The art world might seem like a complicated and serious environment, but the message I want to send is that anyone can be an artist! Let's make it more playful and less privileged. I try to create art that is fun for both parties: myself and the audience. I want my work to spark conversations and branches of communication - between myself and the audience and others.
When I started my work, I focused on the contemporary globalized world and its outcomes. But then, around 2017, the sense of being a global person morphed into a more concrete position of being global, but with a deeper understanding of my roots and reasons that have shaped my personality.

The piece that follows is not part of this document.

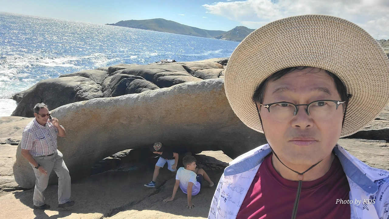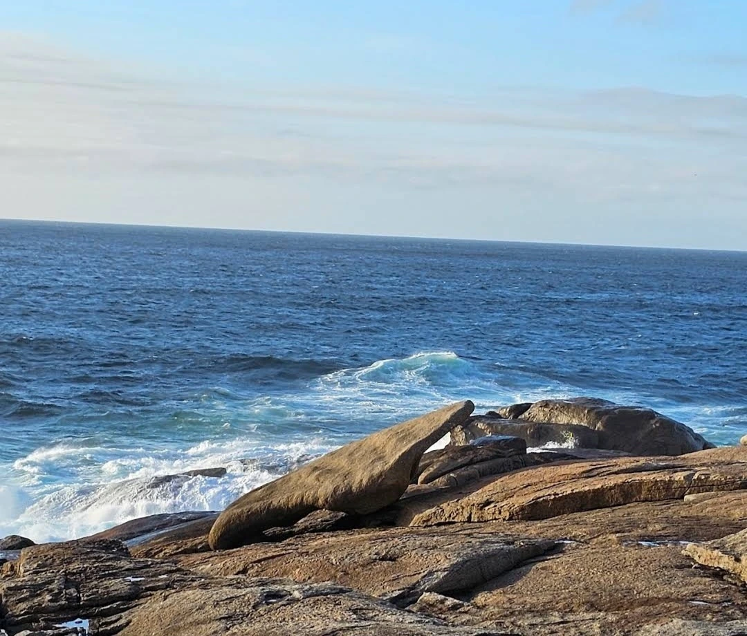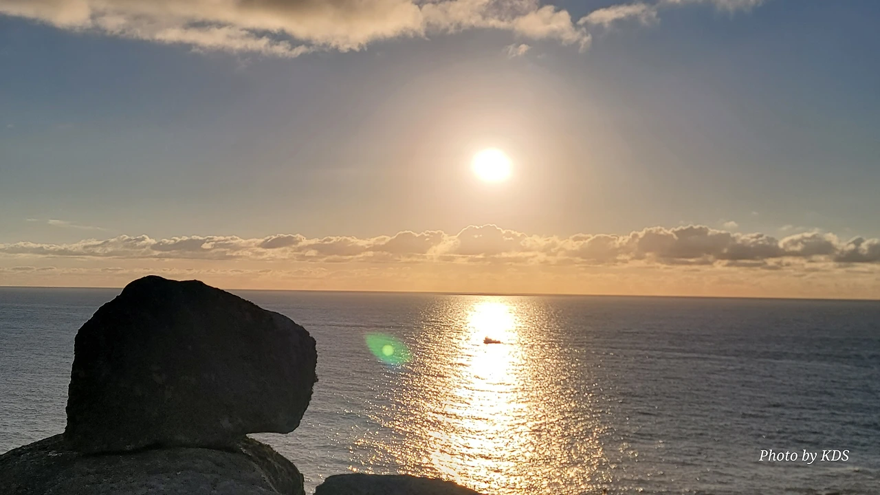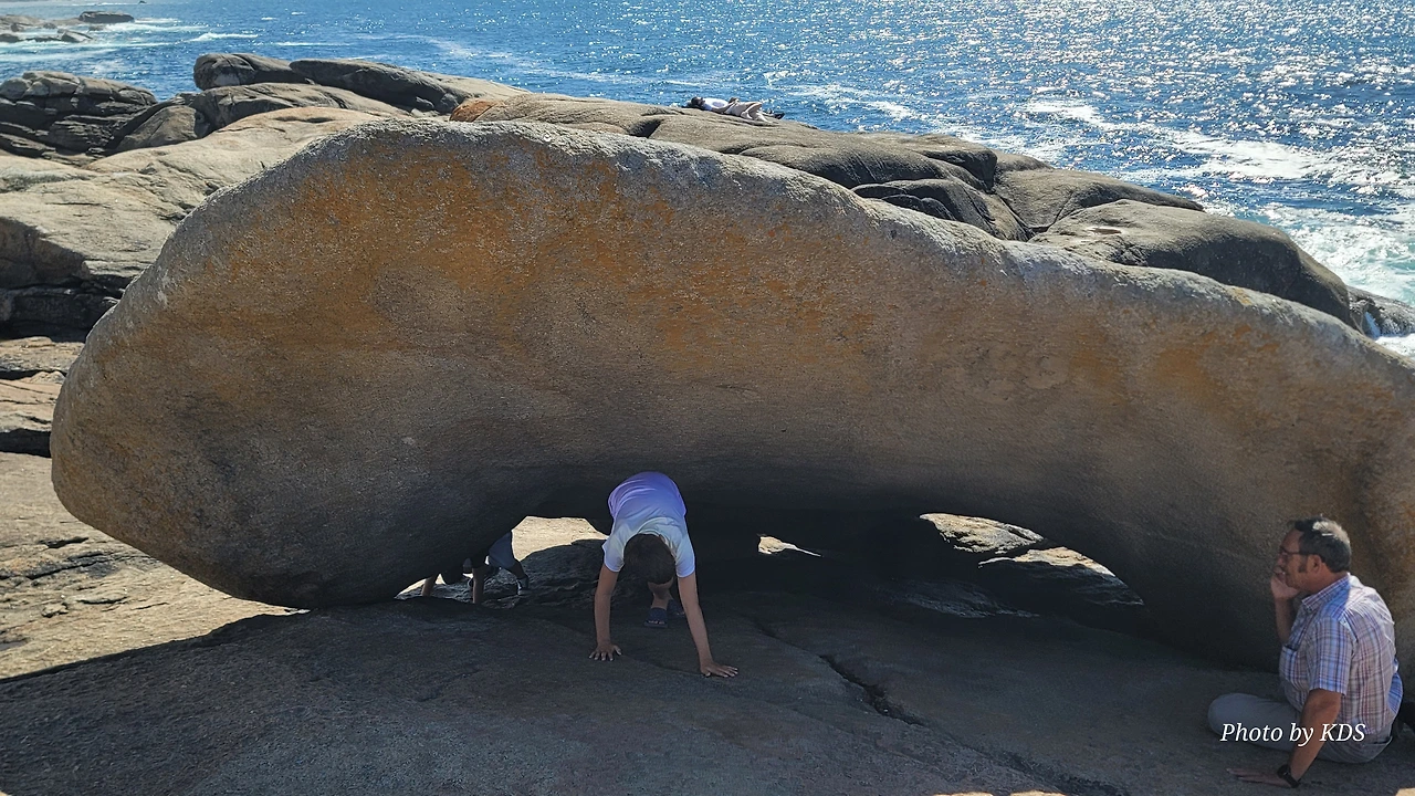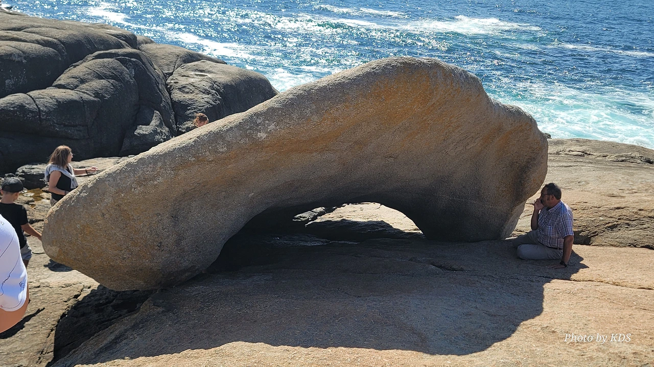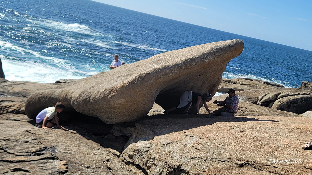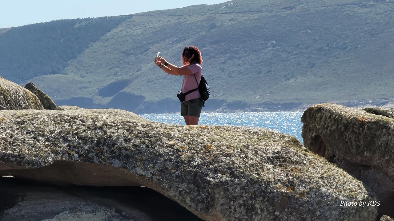 묵시아(Muxia)는 땅끝 마을로 조그마한 바위산의 기슭에 있는 마을인데, 대서양 쪽의 땅끝에 신성한 전설의 바위가 있다. 옛날 성 야고보가 이곳에서 전도를 위한 설교를 하는데 당시 이곳은 이교도들의 지역이라서 전도가 수월하지 않았다. 전도에 힘을 달라고 기도를 하지 성모 마리아가 돌배를 타고 이곳으로 성 야고보를 격려하러 왔다고 한다. 깜짝 놀란 성 야고보는 그 돌배의 일부를 가져다가 지금의 등대 옆에 성소와 제단을 간단하게 차렸다. 그리고 본인도 성모 마리아를 알현하러 예루살렘으로 돌아갔다가 거기서 순교를 당하고 말았다. 나머지 돌배의 일부가 지금 까지 남아있다고 한다. 아래 사진의 제일 첫 번째 것이 그 돌배의 돛이라고 한다. 이름이 Pedra dos Cadris이다. 생긴 모양이 인간의 신장을 닮았다고 한다. 그런데 조선 과객 금삿갓의 눈에는 전혀 그렇게 보이지 않고 커다란 상어의 입처럼 보인다. 큰 백상아리가 먹이를 삼키려고 입을 크게 벌리고 있는 형상이다. 이 바위 밑의 구멍으로 9번을 통과하면 신장병과 허리통증이 완전히 낫는다는 전설이 있다. 실제 어른이든 이이든 이 바위 밑으로 들락날락하고 있었다.

Although the art world is trying to create values based on equality and solidarity, it is still very competitive. Patriarchal models still exist in one way or another. My current goal is to find a place in the art industry while keeping my practice independent and moral. Since I graduated in the period after the cultural crisis in the Czech Republic, we had to rethink and reinvent our working strategies. Currently, for example, I am working with a women's collective to create a new Eastern European platform focused on young women artists who are in a similar situation as we are. I believe in the positive changes the moment we start acting as equals in practice. I or my female colleagues are still very vulnerable in the art world. We are still sometimes not taken seriously because we might start a family and give up art. Also, there are still some inconsiderate behaviors or it just takes longer for us to reach the same career points as our male colleagues. We want to change this by setting a positive example and simply doing our jobs well.
For me, being a woman still has something to do with struggling. I'm dealing with the issues of 4th wave feminism, and I feel like they play a role in the art world as well. For example, wage inequality is reflected in the prices that women artists make. Or some people still see a woman as less of a "great artist" than a man. But I'm optimistic about it; a lot has changed in the last ten years, too.
Olga Krykun works primarily in the media of video installation, sculpture, and painting. Combining elements of storytelling with contemporary symbols, she creates the mischievous mythology of today. Her practice is heavily based on intuition, emotion, and personal experience, so that her works evoke a kind of trance-like surrealism. She deals with issues such as identity, fragmentation of society, tensions due to personal discrepancies, and anxiety in response. She doubts and searches for better working formulas, either alone or with other artists within the existing art establishment.